We maintain a cautious outlook on the Aussie dollar for a few reasons. There is a lack of growth in consumer sector, increasing unemployment and rate cuts on the horizon. AUD/JPY is holding at 97.42.
Last week the Australian Dollar suffered one of its biggest falls since 2013, the date of the last interest rate cut. The plunge in commodity prices is hurting the economy and pressure is growing on the Central Bank (RBA) to cut interest rates again. This comes on the back of a slew of data that indicates the economy is faltering more than expected.

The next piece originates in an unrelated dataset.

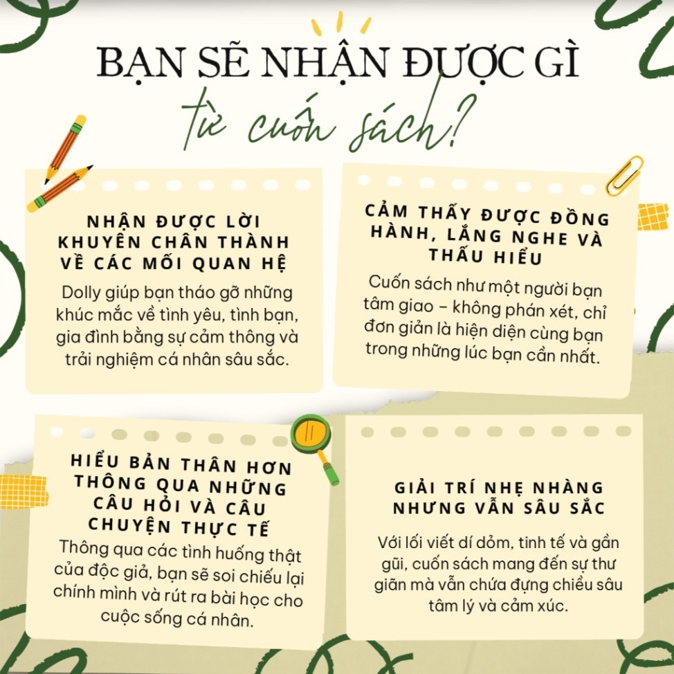 TÂM SỰ VỀ TÌNH YÊU“Tâm sự về tình yêu” là một tác phẩm phi hư cấu tuyệt vời của Dolly Alderton, một nhà văn người Anh tài năng, mở ra một thế giới đa dạng về chủ đề, từ những vấn đề phổ biến như hẹn hò, chia tay, xung đột gia đình cho đến những câu hỏi sâu sắc hơn về sự nghiệp, ước mơ và giá trị bản thân. Qua từng trang sách, tác giả Dolly không ngại chia sẻ những trải nghiệm cá nhân, từ những mối tình dang dở, những cuộc chia tay đau lòng cho đến những khoảnh khắc hạnh phúc và thành công. Chính sự chân thành và cởi mở này đã tạo nên sức hút đặc biệt cho “Tâm sự về tình yêu”.Về tác giả: Dolly Alderton là một nhà văn, nhà báo và người dẫn chương trình podcast người Anh. Cô được biết đến với phong cách viết dí dỏm, chân thực và những quan sát sắc sảo về cuộc sống hiện đại, đặc biệt là về các mối quan hệ, tình yêu và tình bạn.Cuốn sách này dành cho đối tượng:Những người tìm kiếm lời khuyên về các mối quan hệ và cuộc sống: Cuốn sách bao gồm một loạt các chủ đề liên quan đến tình yêu, tình bạn, gia đình, hẹn hò và khám phá bản thân. Nếu bạn đang tìm kiếm sự hướng dẫn hoặc chỉ đơn giản là thích đọc những câu chuyện liên quan đến các chủ đề này, cuốn sách này có thể là một lựa chọn tuyệt vời.Độc giả đánh giá cao các bài luận cá nhân và giai thoại liên quan: Dolly chia sẻ những kinh nghiệm và điểm yếu của chính mình, khiến lời khuyên của cô ấy trở nên chân thực và dễ hiểu hơn. Nếu bạn thích phong cách viết này, bạn có thể sẽ thấy cuốn sách hấp dẫn.LỜI GIỚI THIỆU TRÊN SÁCH: ‘Điều tôi học được khi chia sẻ nỗi đau riêng tư nhất của mình với một người giải quyết vấn đề bán chuyên nghiệp, đó là bản thân việc tìm kiếm sự giúp đỡ đã mang lại sự chữa lành. Cứ như thể tôi đã lén xuống bến tàu trong đêm tối và thả một thông điệp trong chai, tưởng tượng xem nó sẽ được đón nhận như thế nào. Bằng cách viết ra, tôi thừa nhận rằng ai đó có thể quan tâm đến mình; rằng họ có thể nói những điều đúng đắn mà không cần biết tôi là ai. Bởi vì tôi đang cảm nhận những điều mà người khác cũng đã cảm thấy, và do đó, tôi không phải là người phụ nữ cô đơn và kỳ lạ nhất trên thế giới như tôi vẫn nghĩ.'’Từ đầu năm 2020, Dolly Alderton đã chia sẻ sự khôn ngoan, ấm áp và dí dỏm của mình với vô số người đã viết thư cho chuyên mục tư vấn "Dear Dolly" của cô trên tờ The Sunday Times Style. Những câu hỏi của họ trải dài từ những nỗi đau - và đôi khi là những niềm vui - cho đến những điều kỳ quặc. Chúng bao gồm những chia tay và vấn đề về cơ thể, gia đình, tình bạn, hẹn hò, ly hôn, những niềm vui và cạm bẫy của mạng xã hội, tình dục, sự cô đơn, khao khát, tình yêu và mọi thứ ở giữa.Không phán xét, và với sự đồng cảm sâu sắc được đúc kết từ những trải nghiệm của chính mình trong tình yêu, tình bạn và hẹn hò, Dolly dẫn dắt chúng ta qua những mê cung khác nhau của cuộc sống, chứng minh rằng một vấn đề được chia sẻ thực sự là một vấn đề được giải quyết một nửa.

Unemployment figures released last week showed that the jobless rate has reached 6.3%, a 12 year high. National Bank Australia (NAB), along with others have downgraded growth forecasts, and are predicting two rate cuts next year. This would take the cash rate to 2 per cent.
We see some short-term upside on the hourly and four-hourly time charts for day traders, but remain cautious about holding positions for longer timeframes.
AUD/JPY has dropped 2.5 per cent in December. Australia is at the start of a phase rate reductions. For this reason, we see carry trading funds moving to alternatives such as the New Zealand Dollar. While AUD/JPY has fallen, NZD/JPY has climbed 10.4 per cent since October. The Kiwi Dollar offers a 100-basis point rate advantage, and now yields 3.5 per cent.